Estimates suggest a need for thousands of new, fully furnished basic and junior high schools to meet universal enrolment goals. There is also a severe shortage of basic furniture, with a desk deficit exceeding one million as of recent reports, disproportionately affecting deprived regions.
Tertiary/Public University Deficits (Lecture Halls & Hostels): Rapidly increasing student populations have led to congestion and a decline in quality due to limited teaching and learning facilities, including lecture halls, laboratories, etc. More so, hostel facilities are woefully insufficient, forcing students into expensive and often poor-quality private housing. Besides, many of our university facilities are not fully compliant with disabled access regulations.
c) Hospitals and Health Infrastructure: There remains a disparity in the distribution and quality of healthcare facilities, particularly in rural and remote areas. The national infrastructure plan proposes the construction of new teaching hospitals in every medical training institution, highlighting the current shortfall. Similar to schools, a lack of consistent funding for maintenance and the modernization of medical equipment is a major challenge.
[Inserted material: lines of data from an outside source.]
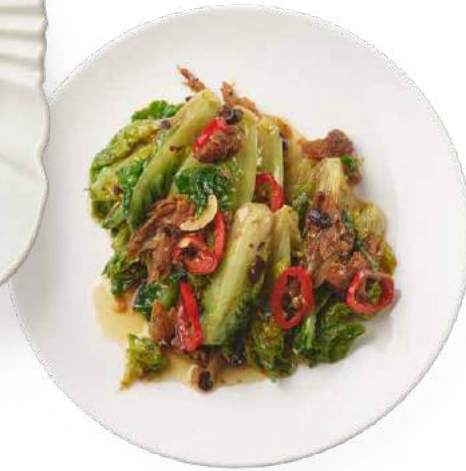
63 BABY GEM LETTUCE & FRIED DACE BLACK BEAN 豆豉鯪魚娃娃菜 $18.00
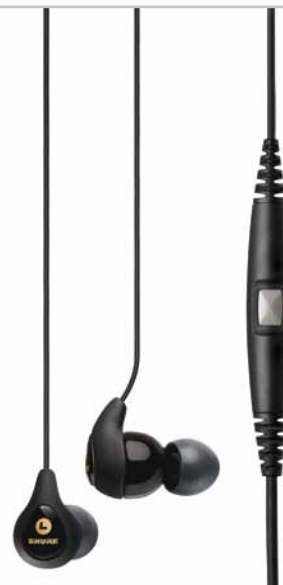
SE115m Sound Isolating™ Headset
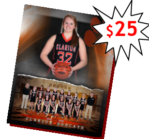
\times Team/Single Combo (for example only)
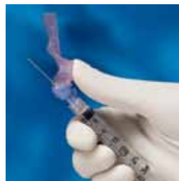
BD Eclipse™ Needle
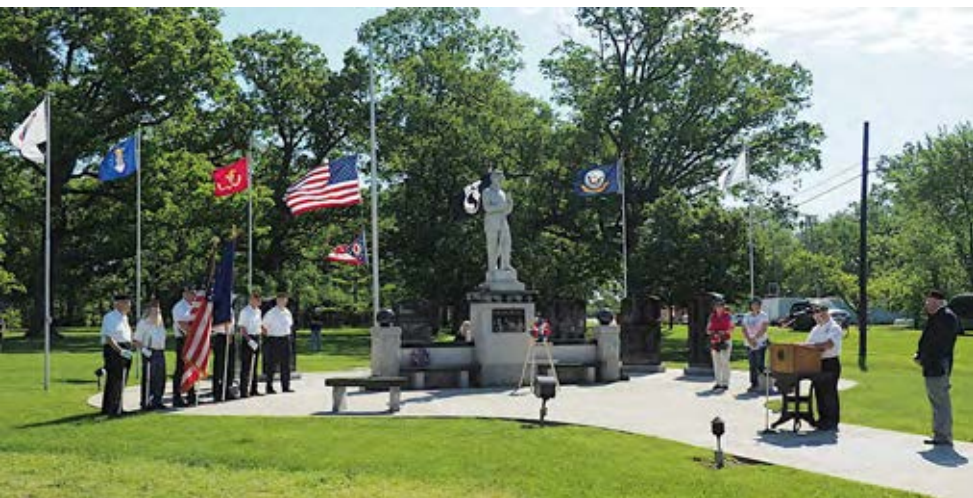
May 29 brought about the Memorial Day celebration for cities and towns across America to remember the past and present fallen heroes serving the country. The Antwerp VFW and American Legion stand at attention at the Veteran's Memorial in Riverside Park while the speakers came forward reminding us all of the sacrifices many men and women have made.
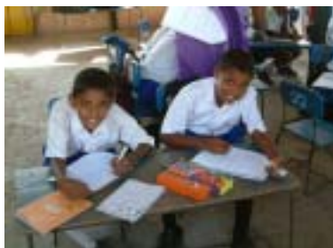
Children filling in the survey sheets (Habaraduwa)

From 1 to 14 March 2005, ADRC conducted a field survey on awareness of disaster risk in Galle district, southern part of Sri Lanka, in order to identify current situation and characteristics of community's capacity to respond to natural disasters. The survey was conducted for the purpose of proposing strategy
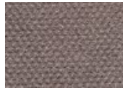
878 Wild Frontier
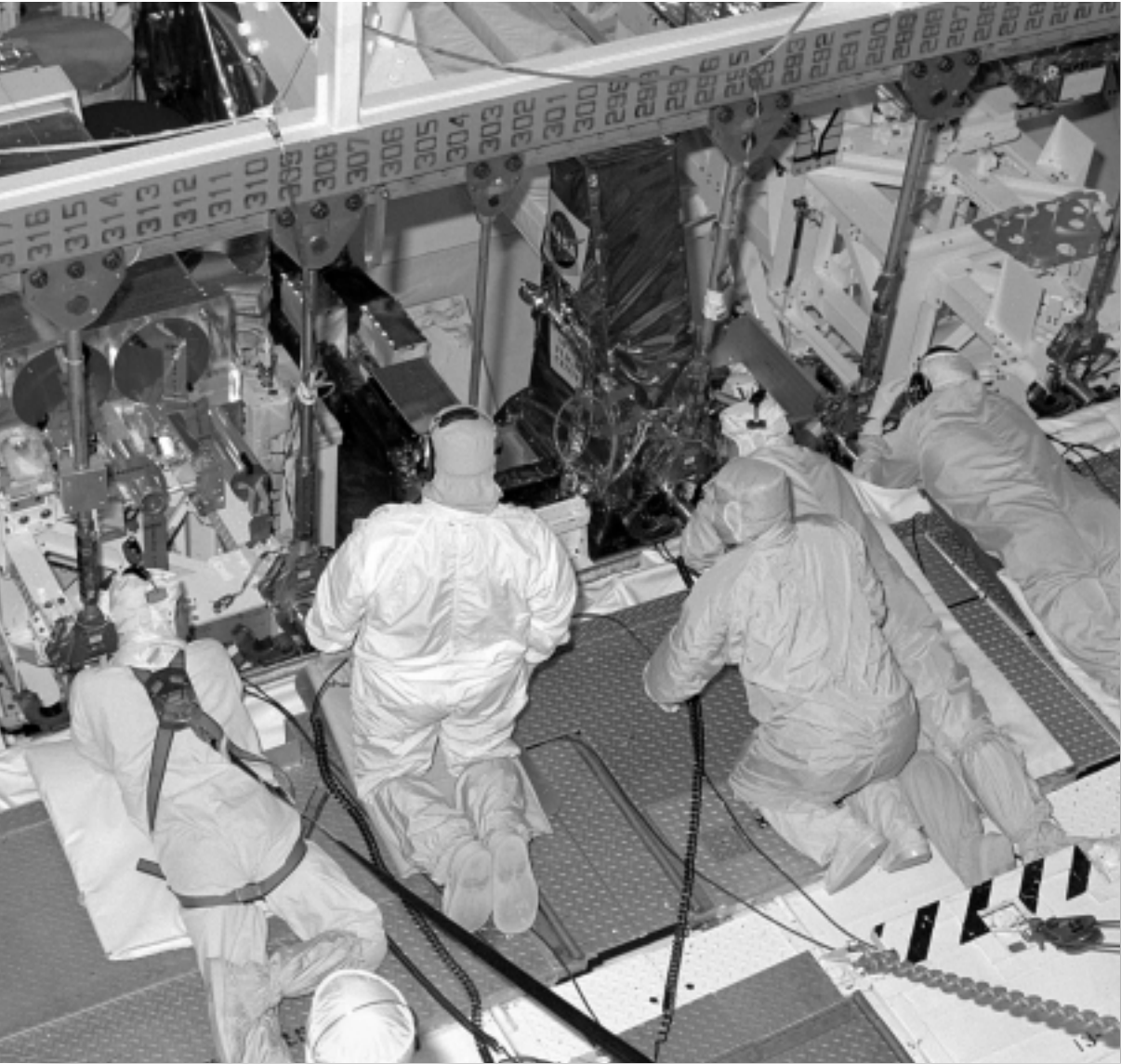
cross program areas
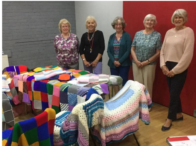
project Linus blankets

The clouds were heavy, rain was threatening, but we were not deterred. The heavens did not open and we spent two enjoyable hours catching up with old friends and sharing news.
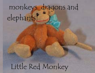
Little Red Monkey
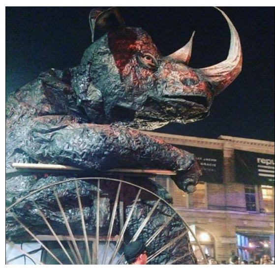
Macnas performs in downtown Austin

On March 12, Macnas, supported by IDA Ireland and Culture Ireland, presented "The Boy Explorer" parade along 6th Street as part of the South by Southwest festival in Austin celebrating Irish culture and creativity. The parade in downtown Austin was a massive hit and later that same week great new Irish artists performed across Austin at SXSW Music. The Irish Film Board also screened several new Irish features during SXSW Film.
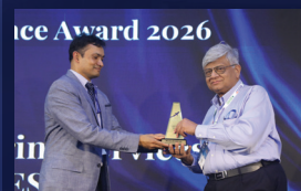
AI Engineering Services Limited (AIESL) MRO Excellence
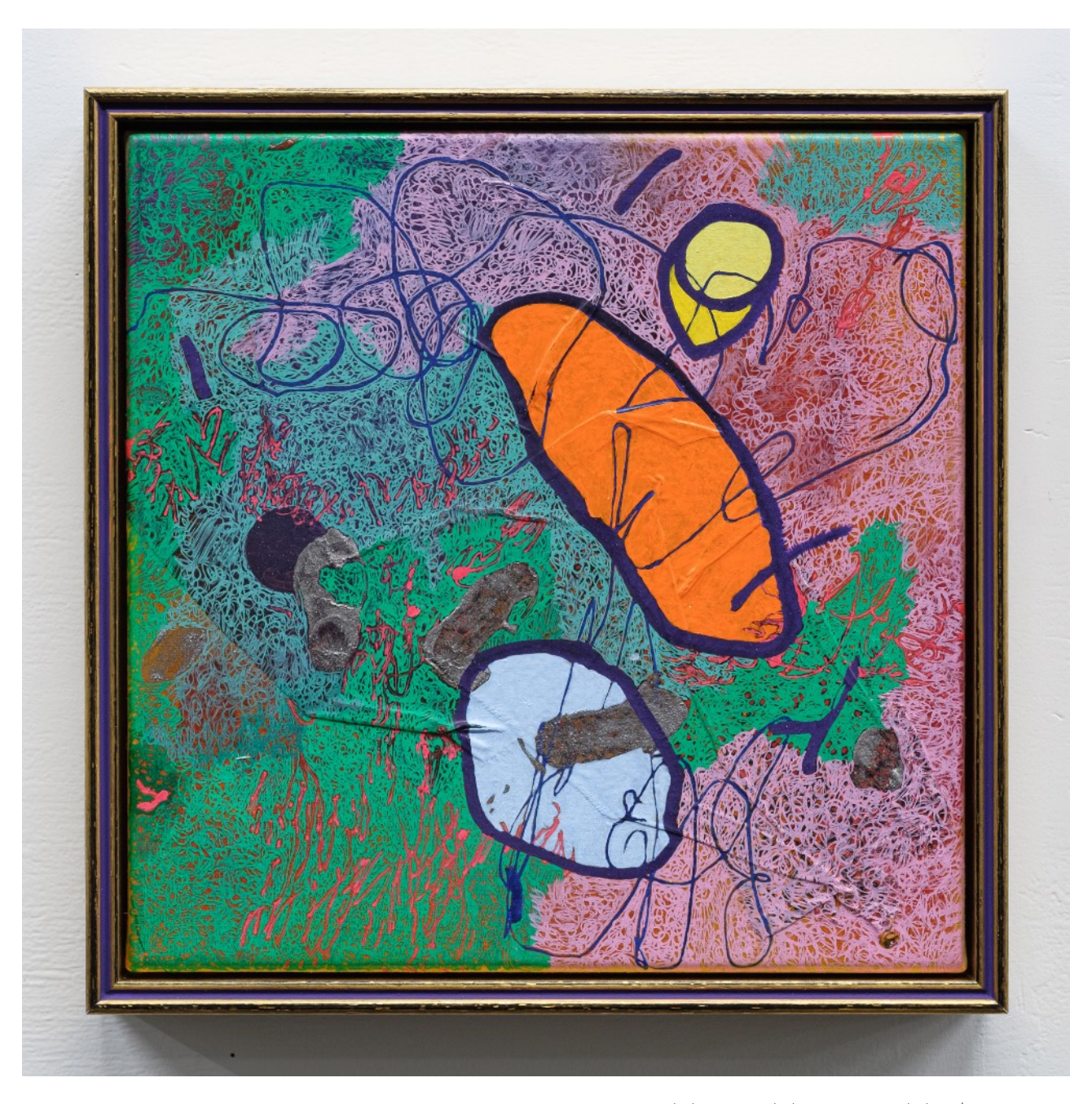
27 January 2020, Acrylic and mixed media on linen, 33 (H) x 33 (W) x 5.5cm (D), $1,900
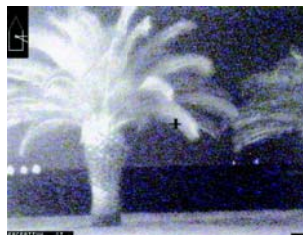
Ultra Low Light Camera
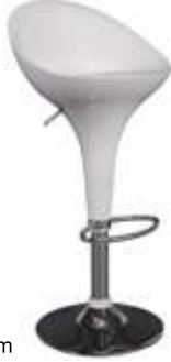
BAR SANDALYESİ BAR STOOL
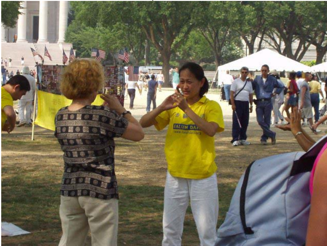
Figure 19: Teaching a new person the fourth exercise.

Photo by Noah Porter. Used with the permission of the practitioner pictured.
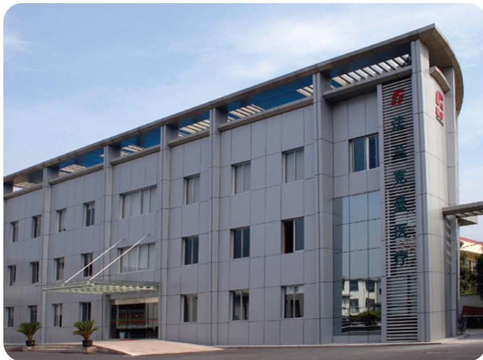
State-of-the-art manufacturing facilities.
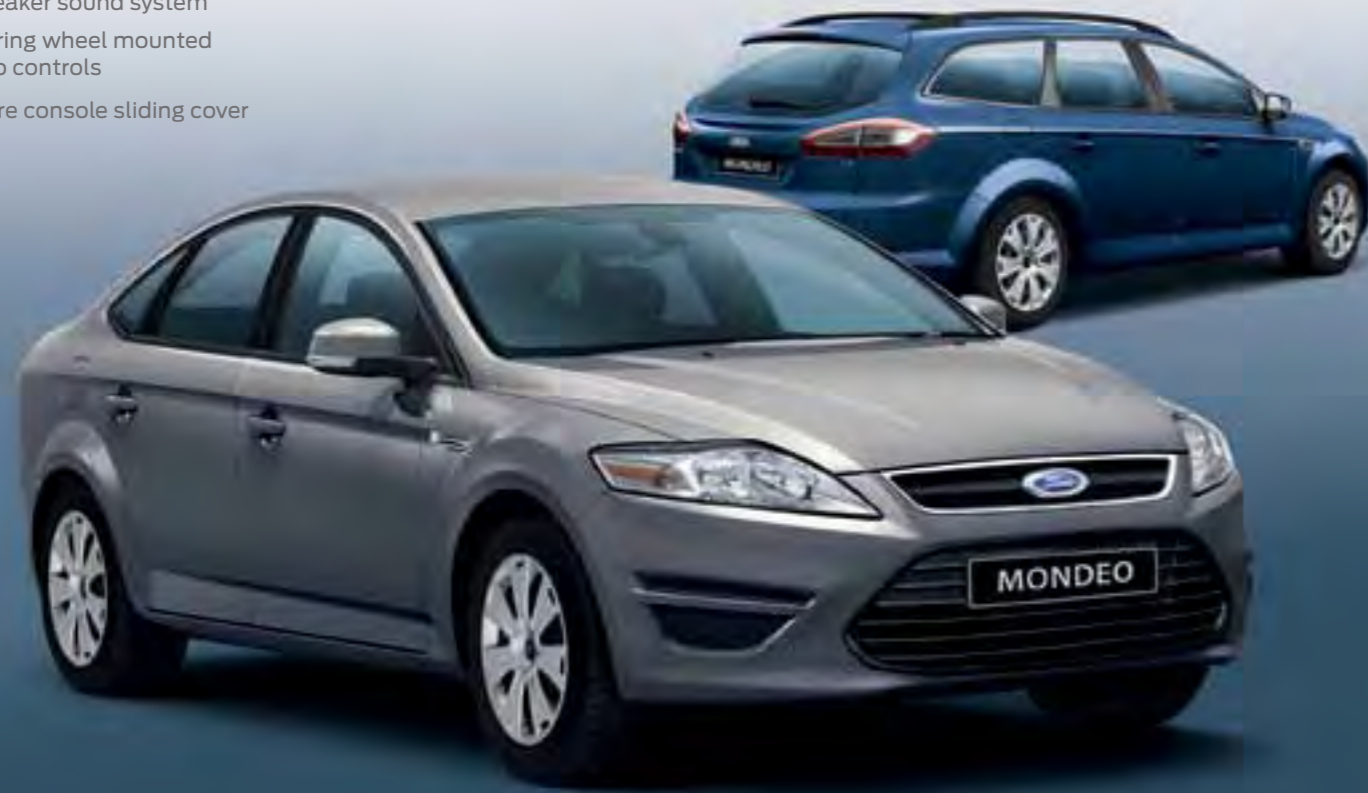
Sedan shown in Dark Mikastone, wagon shown in Ink Blue.
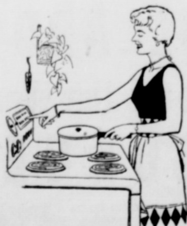
WORK IN COMFORT—electric range helps keep cook and kitchen cooler.

MORE COMFORT WHEN YOU LIVE ELECTRICALLY!
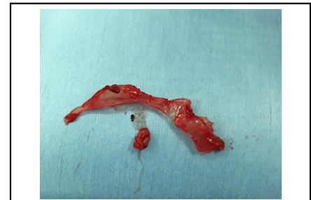
The removed fibrin mass from the left ventricular cavity.

https://doi.org/10.1016/j.xjtc.2022.09.011

d) Housing: Ghana faces a significant national housing deficit, with the lack of affordable housing options for the urban poor and middle-class being a major issue. Rapid urbanization has exacerbated the growth of unplanned settlements and slums due to the inability of the market to provide adequate and affordable formal housing.
Given the concerns about tax revenue performance, government has several other avenues to finance its development projects.
Appropriate Infrastructure Funding Models
Closing the massive infrastructure funding gap requires moving away from heavy reliance on traditional budget allocations and concessional loans towards innovative and blended financing models. It has become imperative that government look to Project-Specific Financing Models. Government has the option to adopt Public-Private Partnerships (PPPs), Capital Market Instruments (Bonds), and leverage Non-Tax Revenue. These models shift the burden of capital expenditure away from the direct government budget in the immediate term.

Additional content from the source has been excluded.